_About this task_
Any picture in the data below should be skipped, while every line is repeated exactly.

#### Information ####

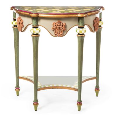 Turn the tables on the ordinary console table with this piece, featuring a hand-applied, antiqued green-gold finish. The top is decorated with a hand-painted lattice pattern and the bottom shelf has a chartreuse stripe around the border. Our Aurora, New York, artisans have added majolica floral ornamentation on the apron that’s inspired by the garden edge tile on our Upstate property.
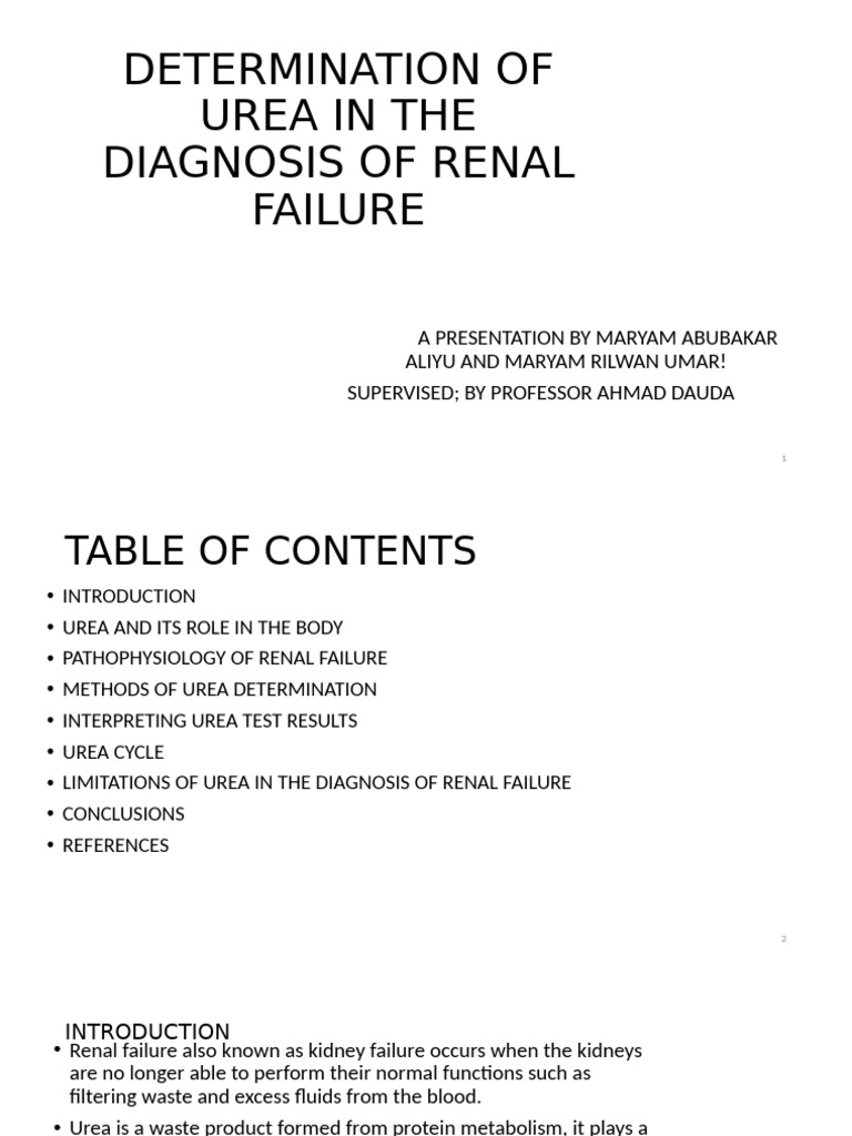 Determination of Urea in the Diagnosis of Renal | PDF | Kidney | Urea
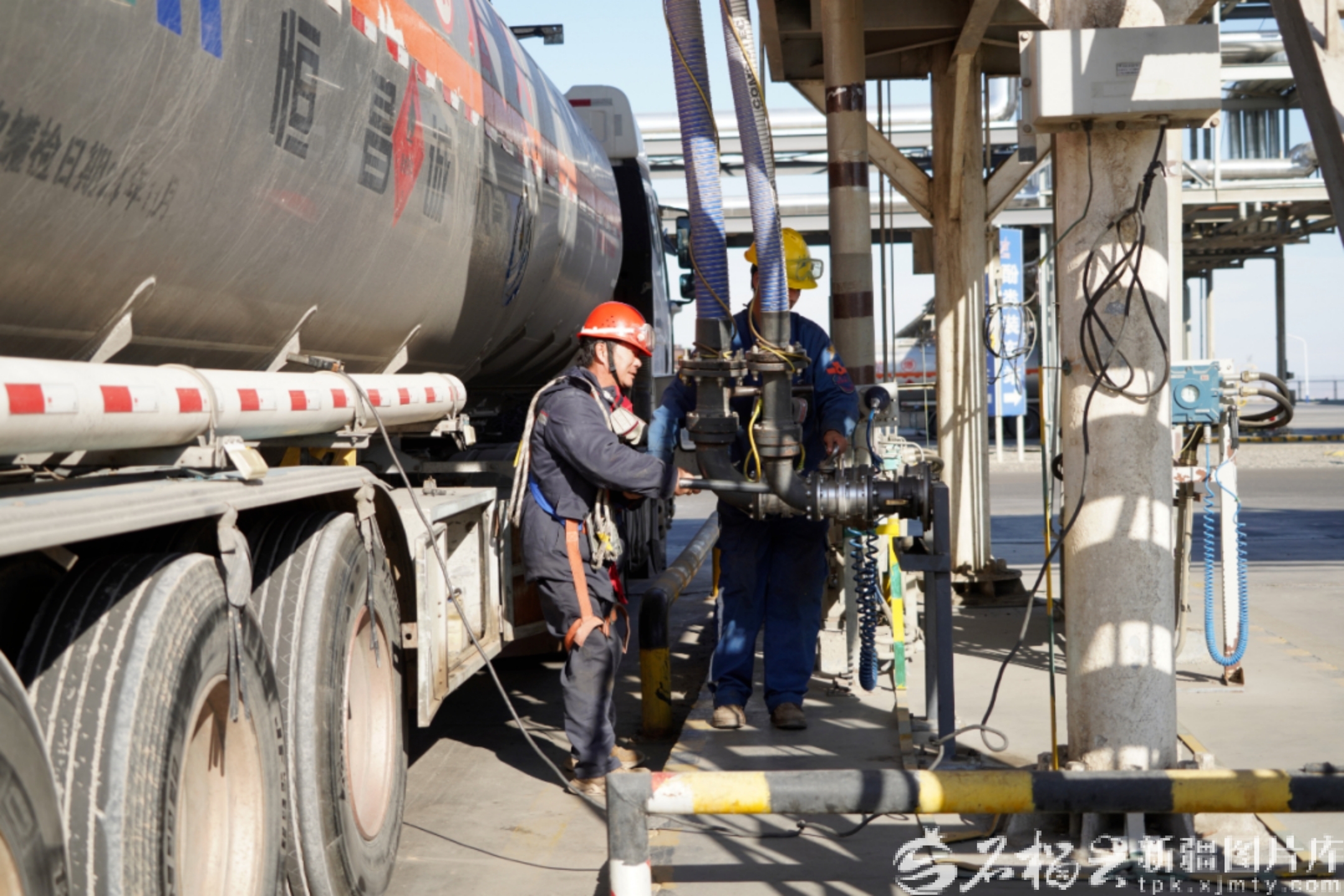 1月19日,新疆广汇新能源有限公司工作人员在进行产品装车准备工作。高志华摄
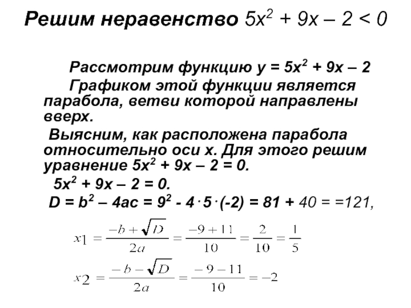 Выясним, как расположена парабола относительно оси х. Для этого решим уравнение 5х2 + 9х – 2 = 0.
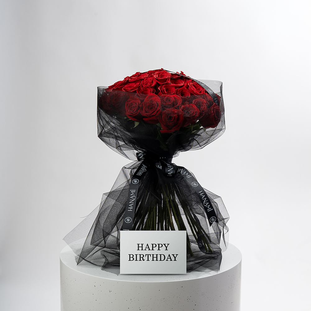 A hand bouquet containing red roses, beautifully arranged.
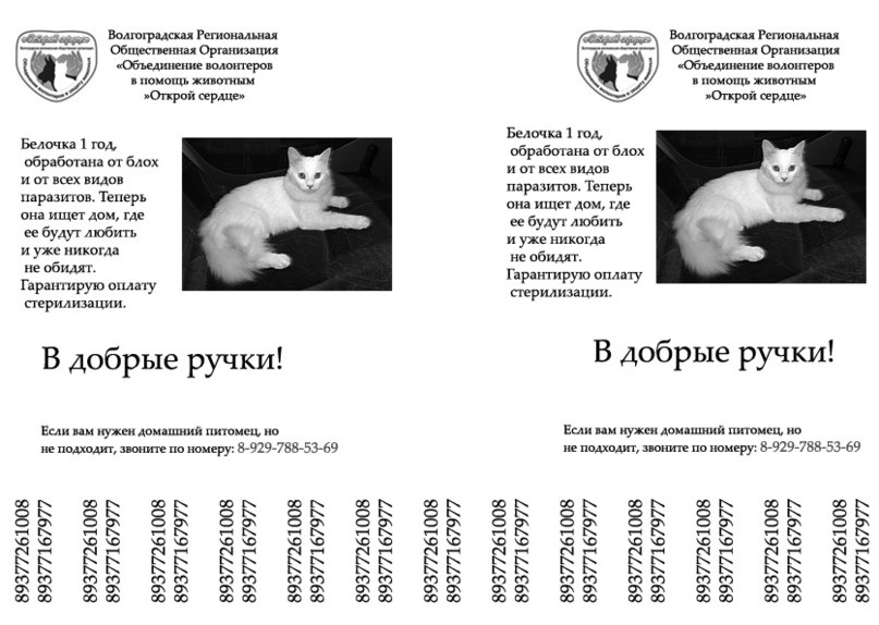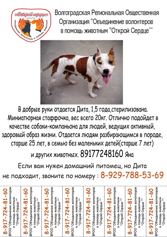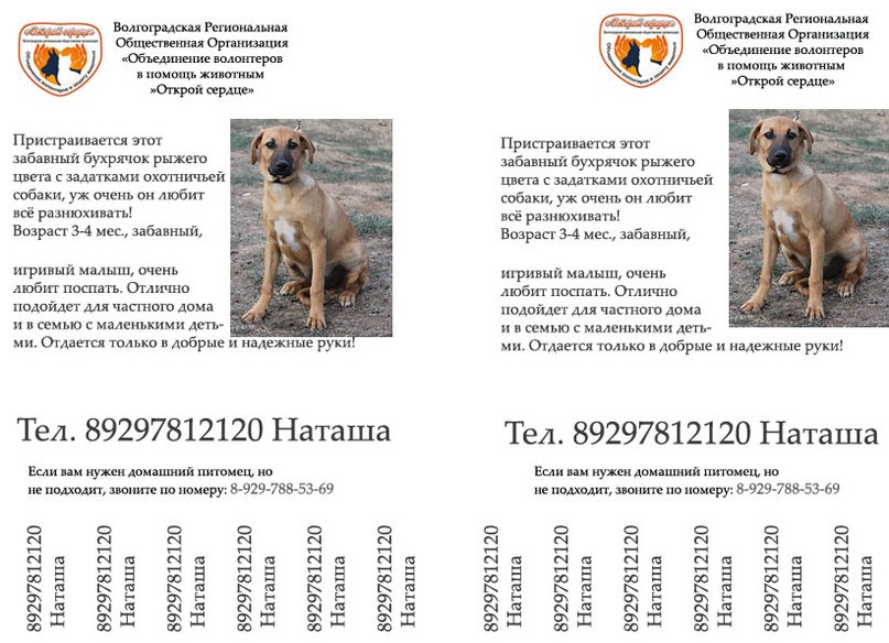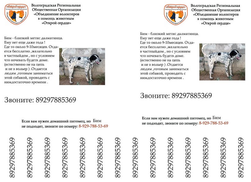 Елена Беспристрастная, вертикальные полосы между номерами телефонов - ну не нужны они) и, вместо названия организации - лучше написать - собака в добрые руки или что-то типа того)).
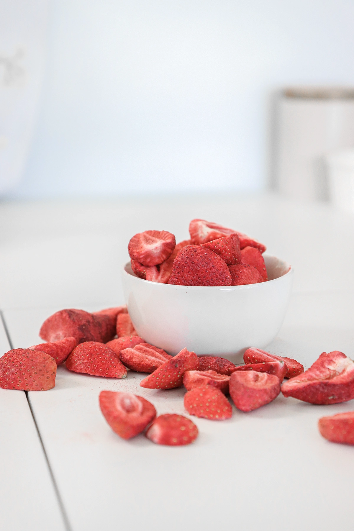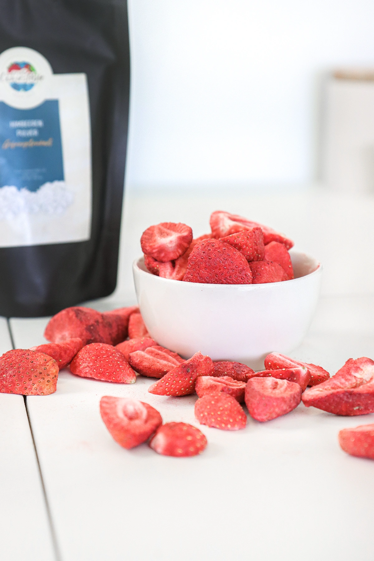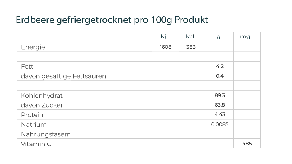 Bei gefriergetrockneten Erdbeeren, dies gilt grundsätzlich für alle gefriergetrockneten Früchte, verlieren einen grossen Teil ihres Gewichtes. Als Faustregel gilt bei gefriergetrockneten Erdbeeren, bzw. gefriergetrockneten Früchten, dass diese rund 90% ihres ursprünglichen Gewichts verlieren. Dieser Wert ist auch etwas davon abhängig, mit welchem Verfahren innerhalb der Gefriertrocknung die Früchte, bzw. Beeren gefriergetrocknet werden. Die gefriergetrockneten Früchte Produkte von fruit-Comestible weisen einen tiefstmöglichen Anteil an Restfeuchtigkeit auf, dies ist nebst dem Reifegrad ein absolutes Qualitätsmerkmal. Dadurch erhalten Sie den charakteristischen, typischen Knusper-Effekt beim Geniessen der gefriergetrockneten Erdbeeren. Die gefriergetrockneten Erdbeeren von fruit-Comestible sind so ernährungsphysiologisch hochwertig, dass die in der Frucht enthaltenen Enzyme wieder aktiv werden, sobald sie verarbeitet werden. Es empfiehlt sich grundsätzlich, wenn die gefriergetrockneten Früchte in Torten oder Crémen verarbeitet werden, die Fruchtmischung einmal zu erhitzten, um die Enzyme du deaktivieren. Aufgrund der hohen Dichte an Nährstoffen sind gefriergetrocknete Erdbeerenbeeren besonders auch für Smoothies geeignet. Aber vorsicht, es benötigt nicht viel, der Erdbeeren sind sehr ergibig.
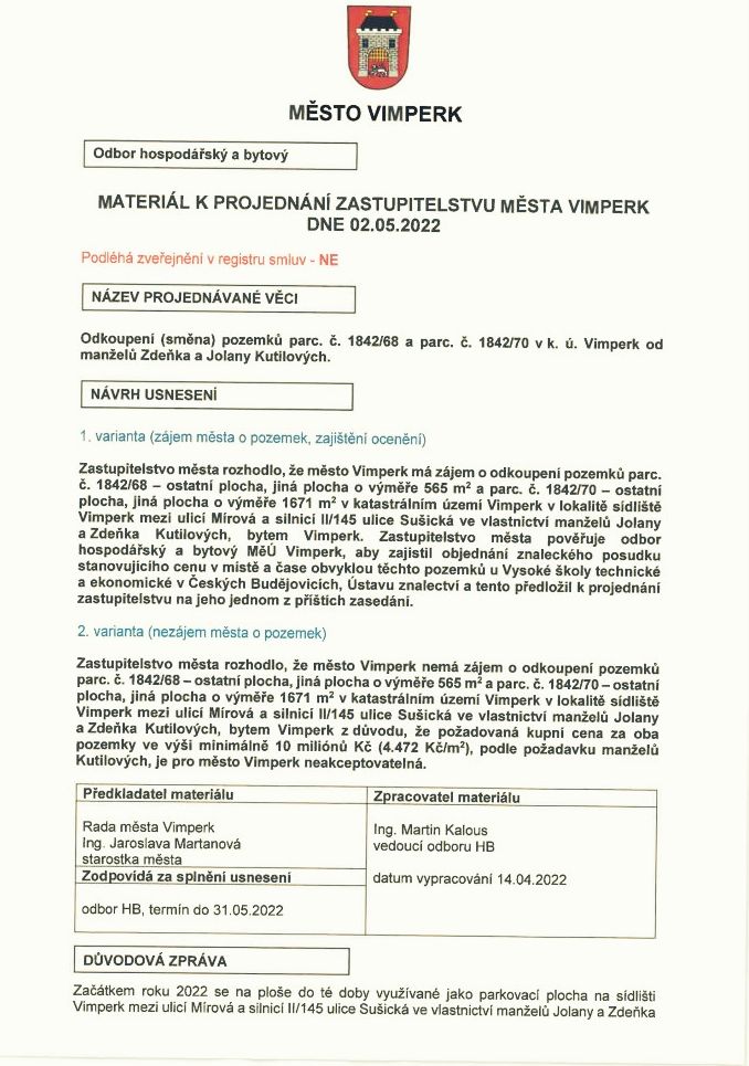 Na programu nadcházejícího 33. zasedání městského zastupitelstva ve Vimperku bude také bod uvedený v programu Odkoupení (směna) pozemků parc. č. 1842/68 a parc. č. 1842/70 v k. ú. Vimperk od manželů Zdeňka a Jolany Kutilových.
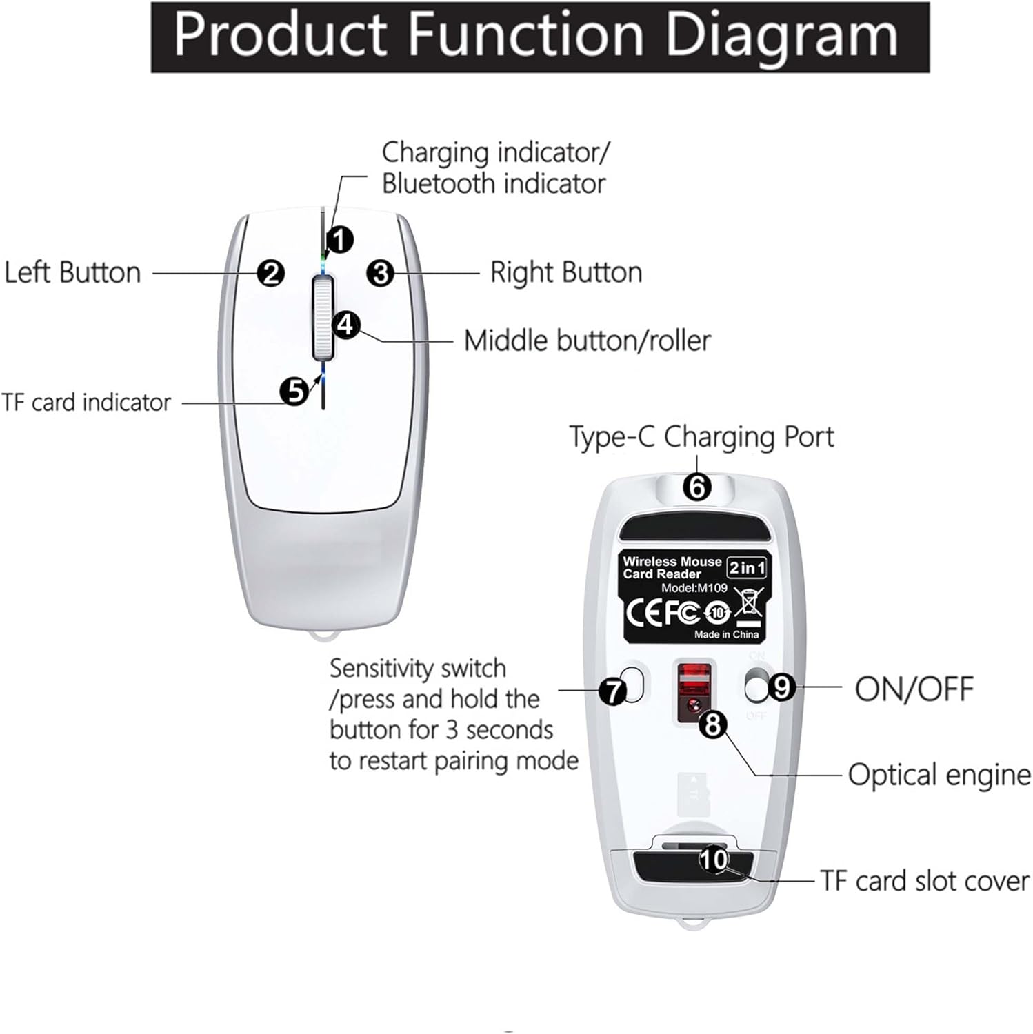 Widely Compatible: When the wireless silent mouse is used as a card reader, it supports all devices with USB interfaces. When used as a mini Bluetooth mouse, it supports Windows, MacOS, Linux, IOS, Android systems, devices with Bluetooth, and the latest systems.

####

_Answer to this exercise_
 Turn the tables on the ordinary console table with this piece, featuring a hand-applied, antiqued green-gold finish. The top is decorated with a hand-painted lattice pattern and the bottom shelf has a chartreuse stripe around the border. Our Aurora, New York, artisans have added majolica floral ornamentation on the apron that’s inspired by the garden edge tile on our Upstate property.
 Determination of Urea in the Diagnosis of Renal | PDF | Kidney | Urea
 1月19日,新疆广汇新能源有限公司工作人员在进行产品装车准备工作。高志华摄
 Выясним, как расположена парабола относительно оси х. Для этого решим уравнение 5х2 + 9х – 2 = 0.
 A hand bouquet containing red roses, beautifully arranged.
 Елена Беспристрастная, вертикальные полосы между номерами телефонов - ну не нужны они) и, вместо названия организации - лучше написать - собака в добрые руки или что-то типа того)).
 Bei gefriergetrockneten Erdbeeren, dies gilt grundsätzlich für alle gefriergetrockneten Früchte, verlieren einen grossen Teil ihres Gewichtes. Als Faustregel gilt bei gefriergetrockneten Erdbeeren, bzw. gefriergetrockneten Früchten, dass diese rund 90% ihres ursprünglichen Gewichts verlieren. Dieser Wert ist auch etwas davon abhängig, mit welchem Verfahren innerhalb der Gefriertrocknung die Früchte, bzw. Beeren gefriergetrocknet werden. Die gefriergetrockneten Früchte Produkte von fruit-Comestible weisen einen tiefstmöglichen Anteil an Restfeuchtigkeit auf, dies ist nebst dem Reifegrad ein absolutes Qualitätsmerkmal. Dadurch erhalten Sie den charakteristischen, typischen Knusper-Effekt beim Geniessen der gefriergetrockneten Erdbeeren. Die gefriergetrockneten Erdbeeren von fruit-Comestible sind so ernährungsphysiologisch hochwertig, dass die in der Frucht enthaltenen Enzyme wieder aktiv werden, sobald sie verarbeitet werden. Es empfiehlt sich grundsätzlich, wenn die gefriergetrockneten Früchte in Torten oder Crémen verarbeitet werden, die Fruchtmischung einmal zu erhitzten, um die Enzyme du deaktivieren. Aufgrund der hohen Dichte an Nährstoffen sind gefriergetrocknete Erdbeerenbeeren besonders auch für Smoothies geeignet. Aber vorsicht, es benötigt nicht viel, der Erdbeeren sind sehr ergibig.
 Na programu nadcházejícího 33. zasedání městského zastupitelstva ve Vimperku bude také bod uvedený v programu Odkoupení (směna) pozemků parc. č. 1842/68 a parc. č. 1842/70 v k. ú. Vimperk od manželů Zdeňka a Jolany Kutilových.
 Widely Compatible: When the wireless silent mouse is used as a card reader, it supports all devices with USB interfaces. When used as a mini Bluetooth mouse, it supports Windows, MacOS, Linux, IOS, Android systems, devices with Bluetooth, and the latest systems.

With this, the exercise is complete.